Colour #4: Perception

At the end of Through the Language Glass, Guy Deutscher points out that colour, like beauty, lies in the eye of the beholder. As is well known, the eye has rods and cones. Colour perception is because of the cones. In humans, we have 3 different types of cones which can detect 3 separate colours – red, blue and green (RGB). Only those three, nothing else. How then do we “see” so many other colours?

 

Well, if light happens to activate both red and green cones with equal intensity, it gets interpreted as yellow. Put differently, we are not capable of detecting if a light is “truly” yellow or just a combo of equal intensity red and green! So all those non-RGB colours we are able to see? It’s just a combo of those three colours we can detect (RGB) combined in different intensities (ratios).

 

In fact, colour TV’s use just this point. They (like our eye) only support 3 different colours (RGB). By varying the intensities of those three colours at each pixel on the screen, they produce the illusion of multiple colours.

 

Colour blindness is when one (or more) of the cone types don’t work. Depending on which type of cone is not functioning, the individual loses the ability to see certain colours (remember, they don’t just fail to see the one colour corresponding to the cone; they also lose all colours formed by a combo that includes the faulty cone’s colour).

 

Wait, there is more. The brain is not a passive computer that crunches the data coming from the eye. It adds its own, er, inputs to the signals. Why?

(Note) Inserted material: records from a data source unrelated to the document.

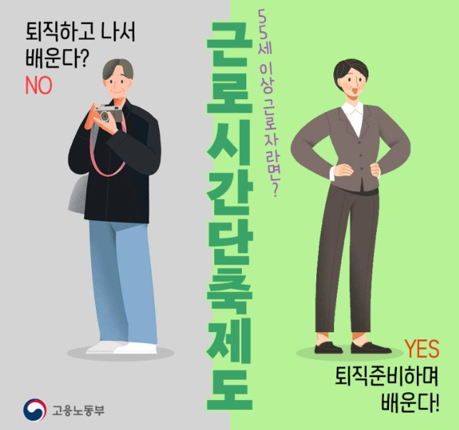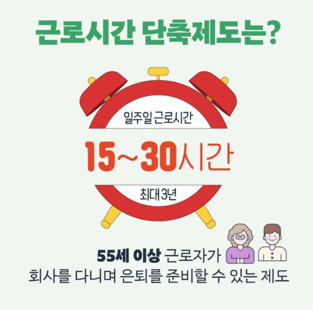 은퇴를 앞둔 55세 이상 근로자분들께 희소식! 일을 완전히 그만두기 전에 미리 인생 2막을 준비할 수 있는 근로시간 단축제도가 있다는 사실, 알고 계셨나요?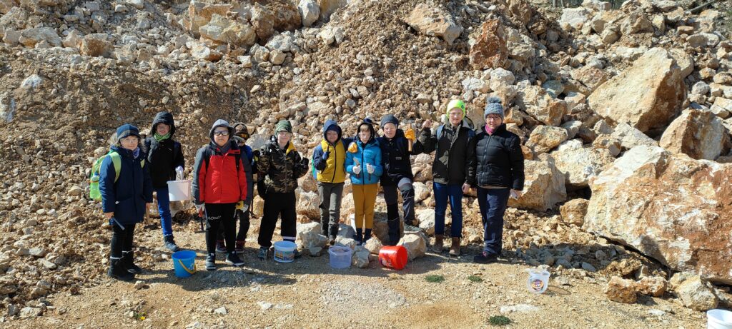 Sümegre mentünk.  Ragyogó napsütésben, száraz talajon, kellemes melegben,  az előírt, megfelelő védőfelszerelésben ” dolgoztunk”.  A gyerekek gyorsan ráéreztek a dolog ízére 🙂    Nagyon, nagyon élvezték. Mindenki megrakta a vödrét, táskáját, zsebeit  a kincsekkel  🙂
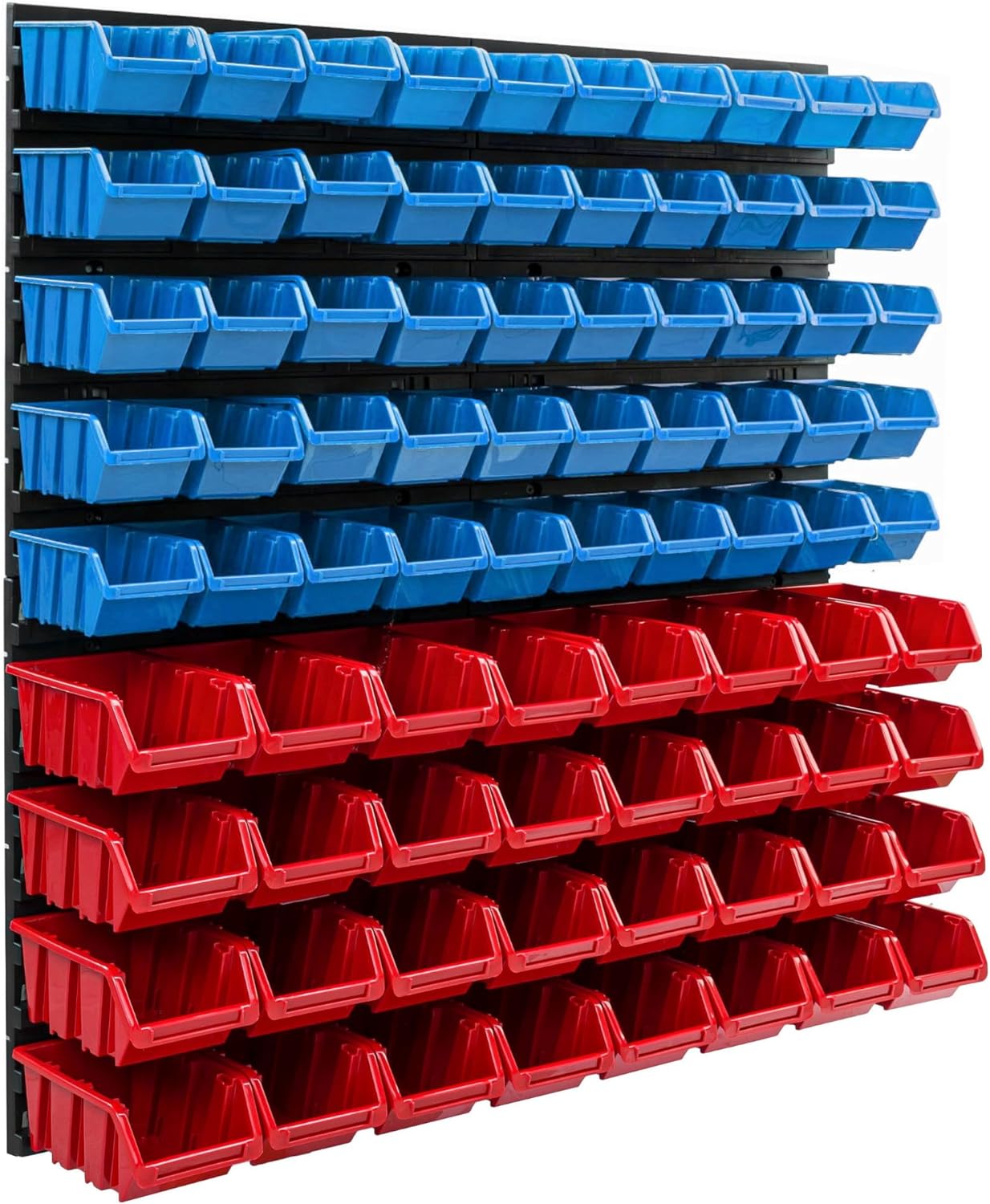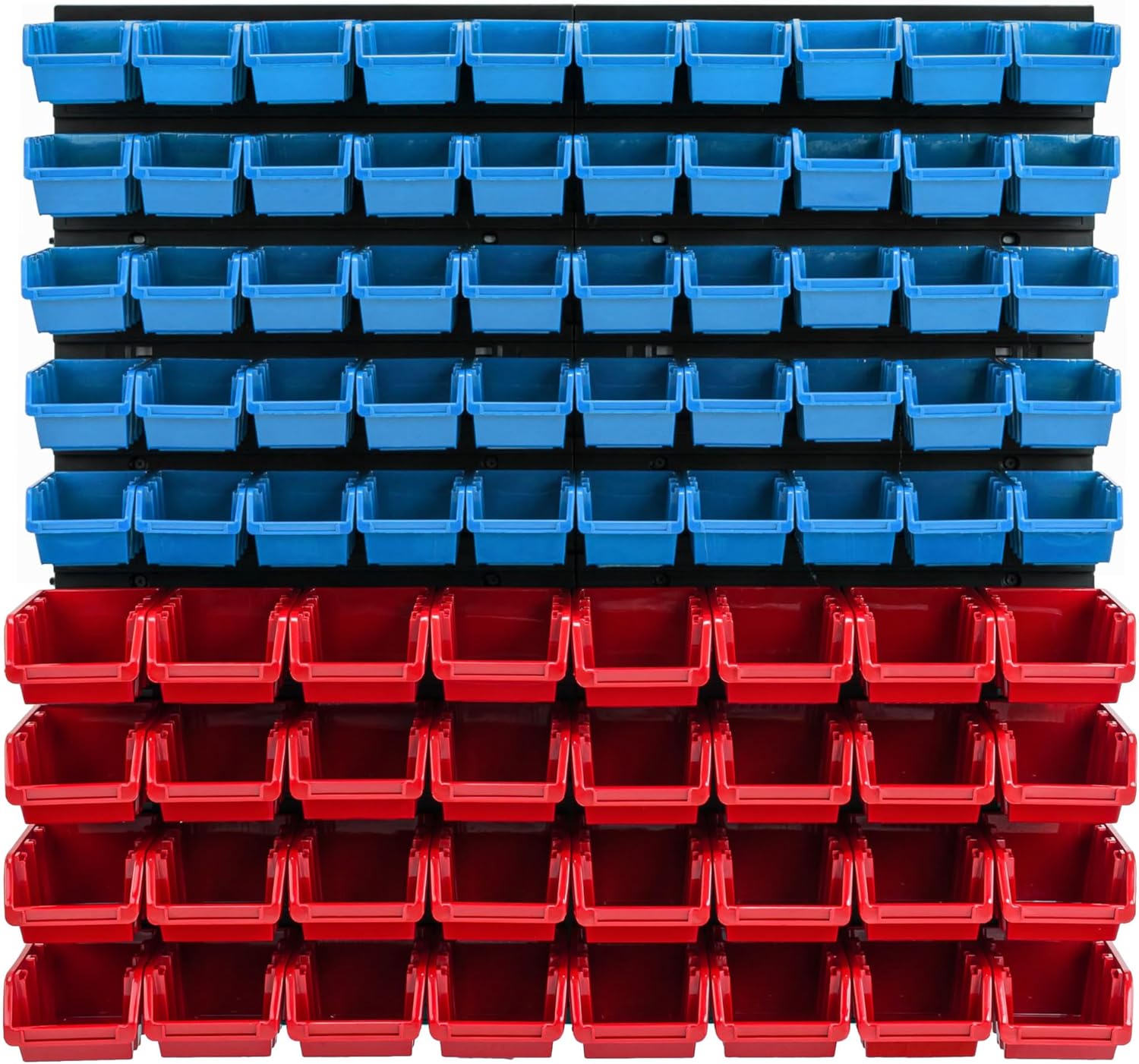 - Stapelboxen: 50 Stück 80 x 115 x 60 mm Blau + 32 Stück 100 x 155 x 70 mm Rot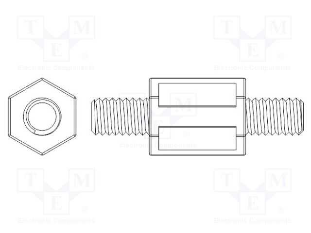 Vidalı aralayıcı kovanı; 35mm; Dış diş: M8; altı köşe; çelik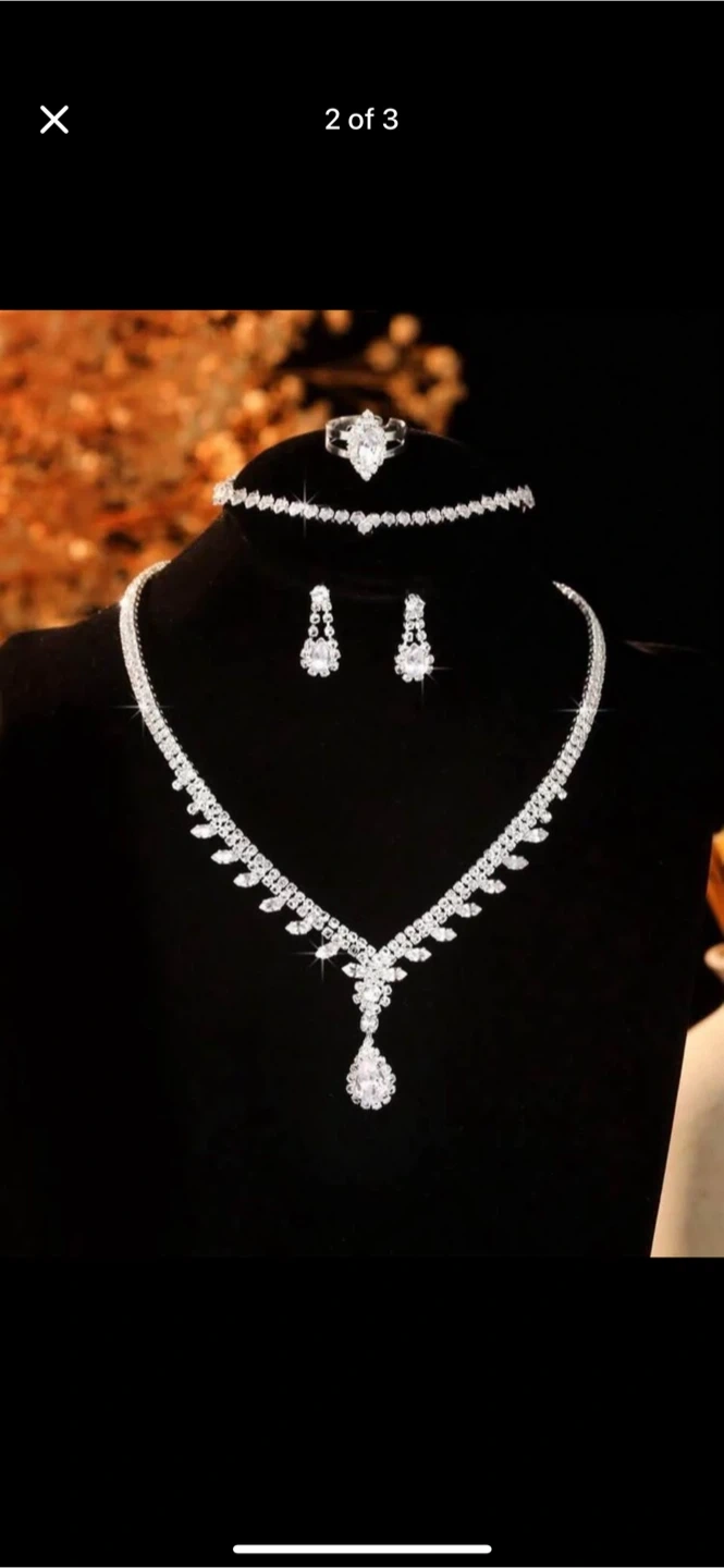 Selling a beautiful jewellery set that includes a necklace, bracelet, ring, and earrings. Perfect for a special occasion or to add a touch of sparkle to any outfit!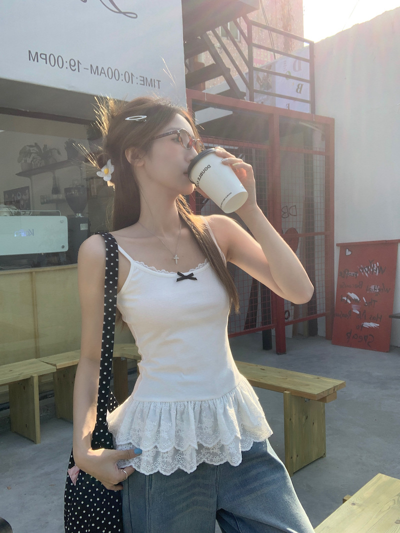 달콤한 활 화이트 카미 솔 여성의 봄 내부 슬림 슬림 레이스 머리 아름다운 뒷면스토어 가기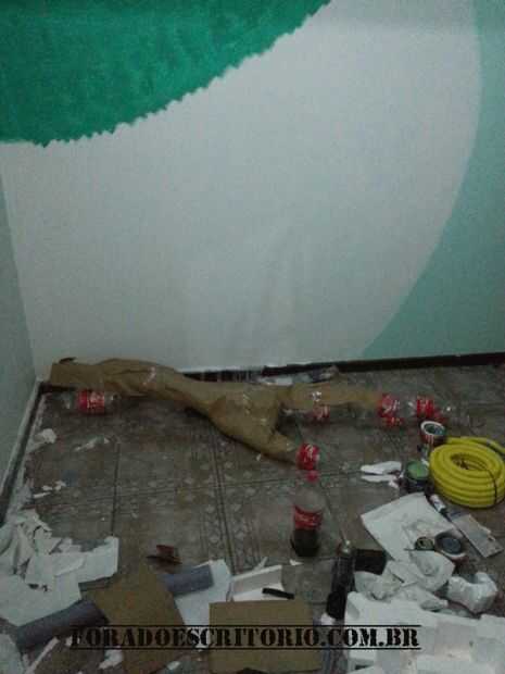 Me puso la estructura en el suelo y comenzó a cubrirla. Utiliza la cinta scotch para conectar las hojas una vez que terminan.

Because we live in an environment where the background lighting changes (shadows, dawn, bright sunlight, dim, bright etc). Once the brain has associated certain objects with certain colours (over time), it will go out of its way to assign the same colour to that object the next time, and adjusts for background lighting differences. If the brain just took in the signal received, we would perceive an apple (and everything else) as a different colour depending on the lighting. That would be very confusing, hence the evolution of the brain to compensate.

 

Wondering how/if this can be proved? Well, they showed people a yellow coloured square on a computer. They then changed its colour gradually. The task was to press a button when the colour became grey. Say, the individual clicked for grey after X time. Next, they repeated the same steps, except this time the square was replaced with a banana. This time, people took longer than X time to state that the colour had become grey. Why? Because the brain expected the banana to be yellow, so it had turn a lot more grey than before the brain finally “accepted” that its colour had become grey!